I too am sorry for your loss but you should take comfort from your efforts to do something about it. Every voice is important in returning out country to its proper place and none are so important as those who have lost the most.
Every day that we DON'T Impeach this Criminal and Traitor, is another day that more families will have to remember as the day their loved one died.
Thank you for this powerful post. We all have the losses that we must bear, from the actions of immoral tyrants. By standing together, we WILL rid ourselves of this tyrant, and save some of those future families from the pain you, your family and so many others have had to endure.
No More.
I too know the pain you feel. My Grandmother went to her death NEVER KNOWING if her son was dead or alive somewhere. This B.S. needs to stop, NOW!!!!!!!!!!!!!!!!
Great Post.
Amen, sister.
HUGS - BIG HUGS!!
it is time for peace -- let's all start creating it in our own hearts and homes!! and then modify the military industrial complex to peace-time jobs...so this will never happen again!!!
What an awesome and powerful post Ziem. For every day that goes by and nothing is done about this, we need to scream a little bit louder.
Thanks everyone!
I did this more for the newer versions of me, my brother and sisters and parents. The ones we are again creating. If these brave men and women died in Darfur attempting to stop the violence there, you would not hear me scream. Had they died in the true defense of this nation, I would not complain.

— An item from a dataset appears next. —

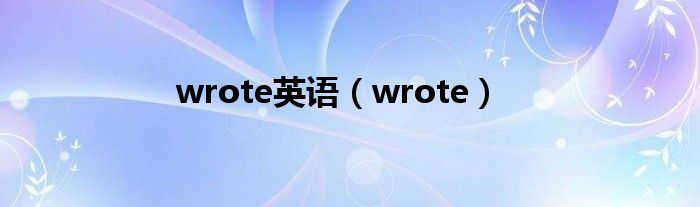 大家好,我是小科,我来为大家解答以上问题。wrote英语,wrote很多人还不知道,现在让我们一起来看看吧!

Instead, this is a flashback to Vietnam. A war zone we never should have been in and should not still remain in.
We need to be louder. We need to stop the needless violence and put an end to this aggressive occupation and hold the orchestrators and liars accountable.
NO MORE! Impeach them for their lies, for their war crimes and begin anew.

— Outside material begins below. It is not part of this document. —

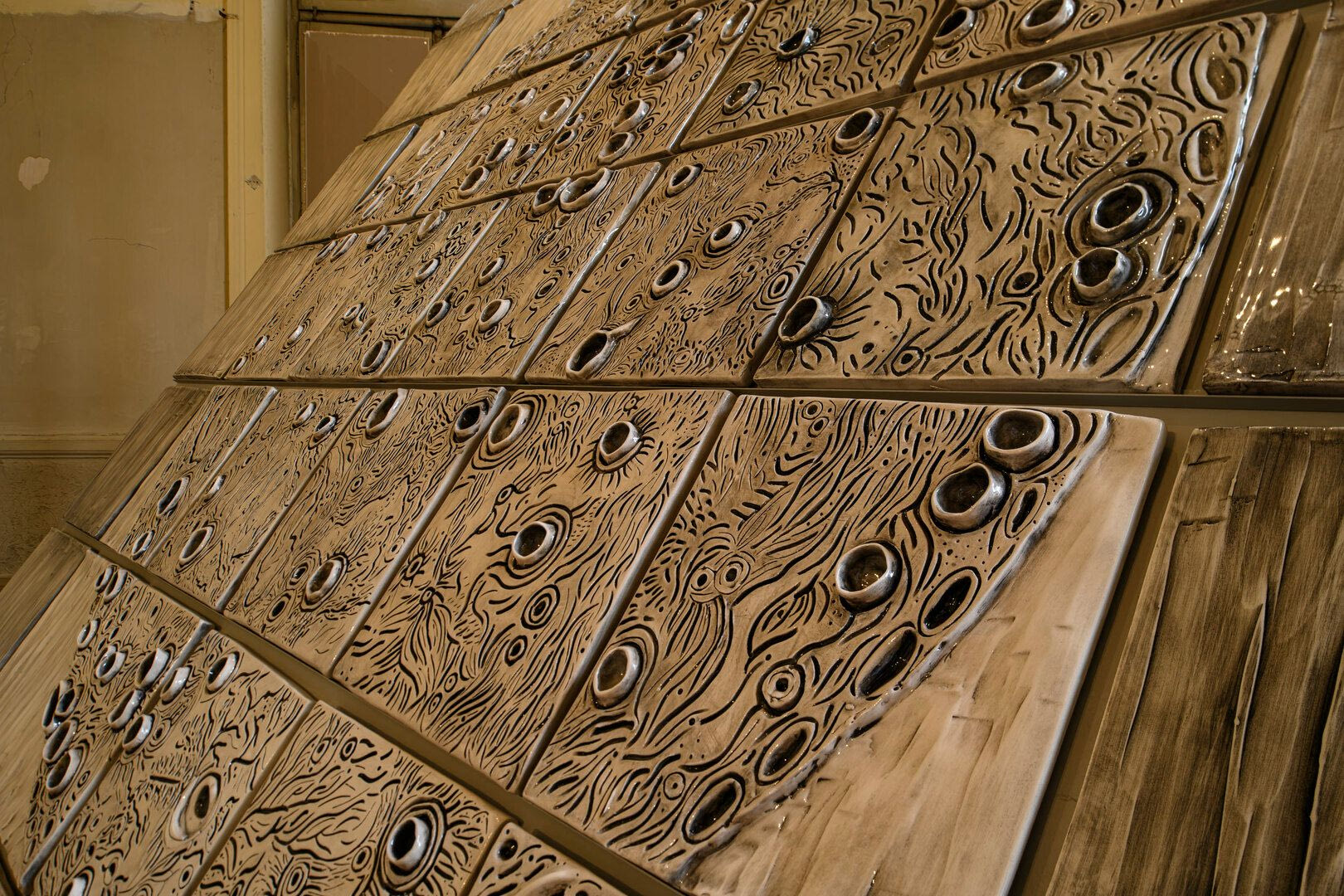 Οι “Ναυτικές Ιστορίες” της Δήμητρας Σκανδάλη έχουν δημιουργηθεί από ξύλα από σπασμένα καΐκια, δωρισμένα εργαλεία ψαράδων, σκοινιά και φύκια του Αιγαίου. Μια εγκατάσταση που ενσωματώνει υπολείμματα παραδοσιακών ξύλινων αλιευτικών σκαφών από το χωριό της Αλυκής στην Πάρο και από ναυπηγεία που καταστράφηκαν – ένας φόρος τιμής στην οικογενειακή παράδοση της καλλιτέχνιδος.

Gettin' read for Saturday. Personally, I'll be staking out Speaker Pelosi's house demanding that impeachment go back on the table.
April 27, 1970, huh, Laine? How did that happen?
April 27th was the day we found out Stram. His actual day of death, we don't really know. Why?
I am sorry too. This kind of loss is so hard to reconcile with the world we know can exist.
Nurture yourself right now. I know you will remain strong..
I have never heard how your brother died. I know he was killed in Vietnam but how was he killed?
I'm sorry Stram BobMc and aileron have me a bit shell shocked (bad pun not intended).
Doug was drafted late in 67. We lost contact mid-68. I do know he was a POW. Details, I was never really told. I did over hear a conversation about broken knee caps and missing fingers. I was barely eight when the man in uniform came to the door.
What I do know, is that his body was found in a grave with several others. Science, thankfully has come a long way, but then, they couldn't really pinpoint a time of deat. They figured some time in the previous 6 to 8 months.
It kills me that families today are re-living that nightmare.
I can't imagine the pain your parents had to deal with.
Obviously him dying is a bad as it can possibly be, but not to know anything for 2 years and then to find out he was killed.....
Ziem, just to let you know that my thoughts are with you.
So, so sorry for the loss of your brother so many years ago. It breaks my heart that so many are having to experience this pain now. As you pointed out in your comment FOR NO GOOD REASON.
I'm thinking of you, Ziem, and grieving for your loss. This has to end, or else... no, there is no "or else" anymore; this has to end, period.
Ziem....I've got a hug for you if you ever need it.
Thank you, Laine for sharing your feelings with us here. It reminds us of the personal effect of this miserable illegal war.
Damn it though, the neo-con/defense industry is ready to reproduce this f**king scenario again, this time, upon Iran, who have been proven to have NO intent, or means of enriching uranium for weapons. Sadly, there are still enough idiots out there that only believe our s...elected officials, those defense industry invested bastards in and around the oval office.